# Thyroid Cancer and Teeth question



## Z mann R2 (Mar 24, 2011)

Hello all, I'm new here as I just had a TT 2 weeks ago due to a 5.7 cm nodule on my right thyroid, upon removal they noticed two days later in the biopsy it contained Follicular Carcinoma. They said it appears to be contained within the capsul and the TT should have removed everything. Now I'm 28 years old and will be going to see an oncologist to have them check me out to see if I'm ok.....

now I'm assuming I'll have to take RAI but what is this I'm hearing about maybe having to get my teeth pulled??? That would be a nightmare! Tell me that is just a slim chance. What should I be expecting in the near future?

Thanks I'm just really worried right now and need to speak with those who have been in my situation before.


----------



## Andros (Aug 26, 2009)

Z mann R2 said:


> Hello all, I'm new here as I just had a TT 2 weeks ago due to a 5.7 cm nodule on my right thyroid, upon removal they noticed two days later in the biopsy it contained Follicular Carcinoma. They said it appears to be contained within the capsul and the TT should have removed everything. Now I'm 28 years old and will be going to see an oncologist to have them check me out to see if I'm ok.....
> 
> now I'm assuming I'll have to take RAI but what is this I'm hearing about maybe having to get my teeth pulled??? That would be a nightmare! Tell me that is just a slim chance. What should I be expecting in the near future?
> 
> Thanks I'm just really worried right now and need to speak with those who have been in my situation before.

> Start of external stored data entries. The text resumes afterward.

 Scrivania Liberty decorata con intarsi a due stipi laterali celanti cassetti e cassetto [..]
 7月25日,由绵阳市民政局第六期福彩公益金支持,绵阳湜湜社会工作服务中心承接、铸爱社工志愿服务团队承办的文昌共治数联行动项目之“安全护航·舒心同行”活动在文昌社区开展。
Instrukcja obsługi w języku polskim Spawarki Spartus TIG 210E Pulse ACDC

I never heard such! Welcome to the board. I do know that dental care is a challenge at best when one has autoimmune. Will you have to have follow-up radiation?

This would be a good question to put to the oncologist.

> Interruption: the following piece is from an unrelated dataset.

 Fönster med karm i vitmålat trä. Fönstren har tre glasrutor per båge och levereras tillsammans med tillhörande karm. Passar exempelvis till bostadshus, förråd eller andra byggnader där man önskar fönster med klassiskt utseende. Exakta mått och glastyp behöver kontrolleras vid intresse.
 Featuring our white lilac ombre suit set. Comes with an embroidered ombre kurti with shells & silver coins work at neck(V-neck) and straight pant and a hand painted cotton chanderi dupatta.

I did find this which is reassuring. It just means you have to ramp it up and be more diligent w/dental care.

http://www.everydayhealth.com/thyroid-cancer/thyroid-cancer-dental-care.aspx

Sorry for what you have been through but very glad you are here w/us. We have many who are going through the same as your right now. Sad, but true.


----------



## Z mann R2 (Mar 24, 2011)

Thanks a lot that really puts my mind at ease.....glad I found you guys...I'm sure I'll really come to love this place

-Tim


----------



## Andros (Aug 26, 2009)

Z mann R2 said:


> Thanks a lot that really puts my mind at ease.....glad I found you guys...I'm sure I'll really come to love this place
> 
> -Tim


And vice versa, I am sure!!! We do have lots of love here! It helps! Mind, body and spirit. All of it counts!


----------



## McKenna (Jun 23, 2010)

My daughter is a Dental Hygienist and always takes care of my teeth. At my last two check ups and cleanings, she told me that my gums and tissues have changed dramatically from previous check ups and are consistent with someone who has a systemic infection. I now bleed a lot when she cleans my teeth and it's painful. She is always extra careful with me. I always have excellent oral hygiene so this is new to me.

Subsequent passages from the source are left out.